Pero el problema de México es mayor a la insolvencia de su gobierno. Es una cruda combinación de factores largamente incubados. Nuestra transición abrió cauces para la pluralidad, creó marcos de competencia y una dinámica razonable de contrapesos y controles sobre el poder. Estructuró las plataformas para decidir sobre la autoridad política. Pero no derivó en una institucionalidad funcional para generar bienes públicos en una sociedad abierta. Paradójicamente, en los casi 20 años de democracia se ha fermentado el desafecto social sobre la política, los partidos, los políticos y, en buena medida, por todo lo que suene o huela a “Estado”. El proceso de apertura política y el basamento de legitimación democrática no rompió con lo que Roger Bartra denominó como “la actitud contracultural” post1968: el Estado como patrimonio de una clase dominante, la política como escenario de una lucha entre los poderosos y los desposeídos, la revolución como motor del cambio social, la rebeldía como cualidad crítica. El régimen democrático que se instauró a finales de la década de los noventa prescindió de espacios para canalizar y pacificar las tensiones sociales. Enfocada en las rutinas de acceso al poder, la transición mexicana olvidó tejer una red de mediaciones que capture el descontento, aísle las causas de los conflictos y legitime las decisiones sobre la convivencia. El problema de México es que se ha abierto una evidente brecha entre la política y lo cívico. La política no es la actividad consensual y pacífica para resolver la vida en común, sino el reino de la impunidad, de los privilegios, de los intereses de unos cuantos. La democratización mexicana ha fallado en el propósito de edificar un Estado no sólo legítimo por su procedencia electoral, sino por su capacidad para ordenar efectivamente las relaciones sociales. Un Estado que ostente el monopolio de la fuerza y la amenaza creíble de las consecuencias. Un Estado bajo la razón del derecho. Un Estado que reivindique el valor de lo público.

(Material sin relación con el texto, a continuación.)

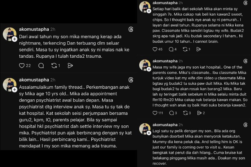 PELAKON Ako Mustapha berkongsi perkembangan terkini anaknya, Mika yang sebelum ini didakwa menjadi mangsa buli di sekolah. Ako atau Muhaizad Ahmad Mustapha, 55, berkata, Mika kini masih dalam pemantauan selepas mendapatkan rawatan daripada pakar psikiatri, yang mengesahkan anaknya mengalami trauma. Dia dalam masa sama memberitahu melihat perubahan pada anaknya itu dipercayai kesan akibat kes buli yang sudah lama berlarutan. "Dari awal tahun Mika memang kerap mimpi ngeri, terkencing dalam seluar. Masa itu saya ingatkan anak saya malas ke tandas. Rupanya itu tanda trauma. Ako berkongsi perkembangan Mika di Threads miliknya."Lagi satu saya pelik bila ada orang bunyikan loceng pintu, Mika akan menyorok ketakutan. Mummy (isteri) dia kena peluk dan beritahu tak mengapa hanya keluarga yang datang ke rumah"Kesan bengkak di perut sudah hilang, cuma lebam belakang pinggang Mika masih ada. Doakan anak saya cepat sembuh," katanya. Ako berkongsi perkara itu menerusi sebuah hantaran yang dimuat naik di Threads miliknya pada Ahad.Ako turut mendedahkan kejadian sebenar yang menimpa Mika terbongkar selepas seorang ibu bapa rakan sekelas anaknya datang melawat ketika Mika dirawat di hospital.ARTIKEL BERKAITAN: Ako Mustapha dakwa anak jadi mangsa buli di sekolah, kesan tapak kasut dan tumbukanARTIKEL BERKAITAN: Kes buli anak Ako Mustapha dapat perhatian menteriMenurutnya, ibu berkenaan menunjukkan video yang memaparkan beberapa murid dipercayai memaksa Mika memberikan wang."Masa isteri jaga Mika di hospital, salah seorang ibu bapa kawan anak saya datang melawat. Ibunya tunjuk video budak kelas beritahu budak-budak (suspek) suka minta duit Mika. "Kalau tak bagi, mereka akan rosakkan barang-barang milik Mika. Baru saya teringat sebelum ini Mika selalu minta RM10, RM20 cakap nak belanja kawan-kawan. "Saya ingatkan anak saya baik hati suka belanja kawan-kawan," ujarnya. Dari awal tahun Mika memang kerap mimpi ngeri, terkencing dalam seluar. Masa itu saya ingatkan anak saya malas ke tandas.AKO MUSTAPHAPELAKONMengulas lanjut, Ako mengakui sebelum ini dia menyangka anaknya sekadar bersikap pemurah terhadap rakan-rakan, tanpa menyedari perkara sebenar."Setiap hari balik dari sekolah Mika akan minta saya singgah kedai. Mika cakap nak belikan kawan-kawan gula-gula. "Saya layankan saja permintaan itu dari awal tahun. Rupanya selama ini Mika kena pau. Budak-budak sekarang apa nak jadi. "Kalau budak sekolah menengah saya faham, ini baru 10 tahun," katanya. Ako mahu menuntut pembelaan buat Mika.Sebelum ini, Ako menerusi hantaran dimuat naik di Threads memaklumkan kejadian itu membabitkan lima murid iaitu dua murid senior dan tiga rakan sekelas.Menurut Ako, kejadian yang menimpa Mikael atau mesra disapa Mika hanya disedari selepas anaknya itu pulang dari sekolah dan selesai mandi.Terdahulu, polis mengesahkan menerima laporan anak Ako yang didakwa menjadi mangsa buli di sekolahnya di Wangsa Maju.Ketua Polis Daerah Wangsa Maju, Asisten Komisioner Annas Sulaiman dilapor berkata, pihaknya mengesahkan menerima laporan polis berhubung kejadian itu.Jadilah sebahagian daripada geng mStar! Follow kami di Telegram, Twitter, TikTok, Facebook, Instagram dan YouTubeTONTON VIDEO PILIHAN!

El gobierno debe resolver su incapacidad de gestión. Replantear sus prioridades, definir una agenda más allá de las reformas estructurales, sacudirse de la inercia del círculo inmediato de lealtades, renovar su integración para recuperar interlocución y cierta dosis de credibilidad. Debe reconocer que el país no se puede gobernar con un pequeño grupo de incondicionales. Pero las soluciones de largo plazo son mucho más profundas. El reto del momento mexicano es crear capacidades institucionales. Definir el modelo de Estado democrático para las próximas décadas. No basta con la foto de un gran acuerdo nacional que borda en los lugares comunes y acaba en un nuevo episodio de buenas intenciones. Tampoco esa ingenua idea de que reencontraremos el rumbo perdido del país desde una “comisión de Estado” que supla el “consejo rector del Pacto por México”, o peor aún, que reúna periódicamente a un puñado de ilustres para formular propuestas que terminarán guardadas bajo el candado de las inercias. Debemos empezar por hacer cumplir la ley, por renovar las instituciones que no funcionan, por fortalecer las que son funcionales. El Ejecutivo tiene capacidad de iniciativa y, espero, diagnósticos sobre los problemas del país. Tiene palancas para provocar que el Congreso y las autoridades políticas locales concurran a las políticas públicas que son necesarias para enfrentar los males nacionales. Presentar las iniciativas y provocar que se voten, exigir que las obligaciones se cumplan y demandar la rendición de cuentas, evidenciar la negligencia o la falta de cooperación de otros aunque sean del propio partido, remediar las disfuncionalidades del aparato gubernativo. Invertir, en suma, todo el capital político disponible para encauzar la energía social en un sentido socialmente útil.
La nuestra es una crisis de Estado. Una crisis gestada por ausencias pero, también, por excesos de presencia. Edificar un sólido Estado de derecho pasa necesariamente por definir sus funciones y límites. Los espacios donde debe estar y en los que no. Un Estado fuerte no es un Estado omnipresente, asfixiante, autoritario o represor. Es simplemente un orden eficaz, previsible y estable para las relaciones sociales. El orden impersonal de la ley democráticamente deliberada y votada.